This kid is a joke. Stop dreaming, no one believes you till you post pics.


----------



## MONGO  (Feb 7, 2006)

dont lock this thread delete it


----------



## nerfday96 (Aug 11, 2006)

your gonna need a forklift to lift that bitch, but it's gonna be cool as sh*t


----------



## bob351 (Oct 23, 2005)

fake until pics damm i thought this was gunna be sweet as hell


----------



## Slim (Jan 9, 2005)

I was thinking about buying a 5000000 gallon tank this from the local elementary school, they sayed they were done swimming in it. Than I was gonna put it in my basement and make a hot tub out of it all for the low low price of 40.00$. Anyone wanna join me in my soon to be new hottub I dont have pics for yet.







Yay buddy


----------



## DepH (Jan 11, 2005)

This guy is just a stupid f*ck, imo. Just look at his previous topics regarding fish...


----------



## BlackSunshine (Mar 28, 2006)

DepH said:


> This guy is just a stupid f*ck, imo. Just look at his previous topics regarding fish...

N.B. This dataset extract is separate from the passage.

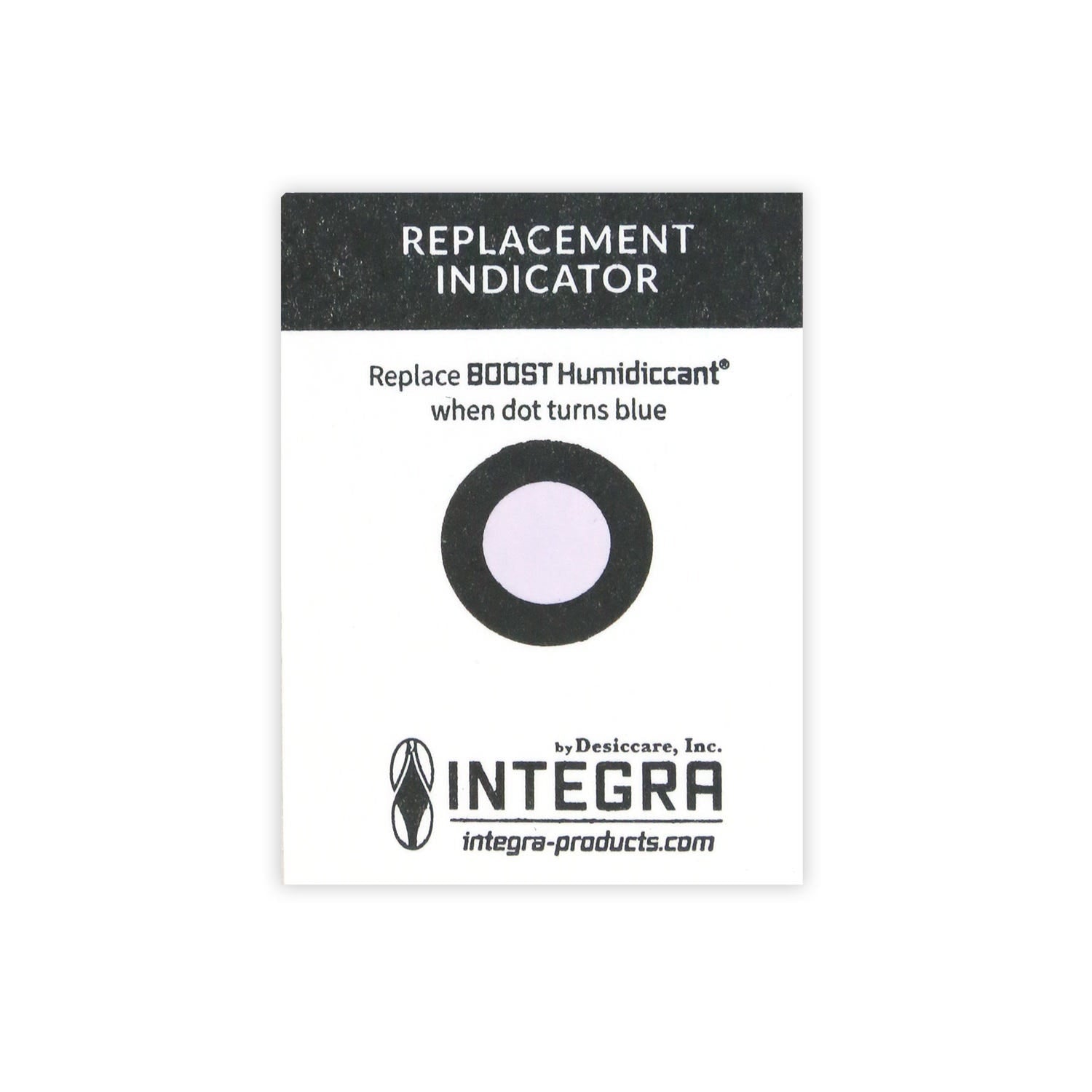 The Integra BOOST pack will continue to modulate the humidity—adjusting humidity levels as needed (i.e. if the container is opened and closed) to keep the relative humidity at the tested perfect levels of either 55% or 62% RH. The circular dot on the included Replacement Indicator Card will turn from red to blue when it's time to replace your Integra BOOST pack with a fresh one.

Anyone that uses smileys that much deserves to be shot.

And most famous quote.
"man it (F) up"

this dude is post whorin.


----------



## acestro (Jul 7, 2003)

I'm guessing we're talking about a 20.00 gallon tank?


----------



## BlackSunshine (Mar 28, 2006)

Speaking of smileys. ^ that one is my fav.


----------



## Trigga (Jul 1, 2006)

k if your not lieing (which i doubt) try a couple rhoms in there.


----------



## NeXuS (Aug 16, 2006)

if ur not leing get like 200 caribe or so idk


----------



## rocker (Aug 12, 2005)

nachos?


----------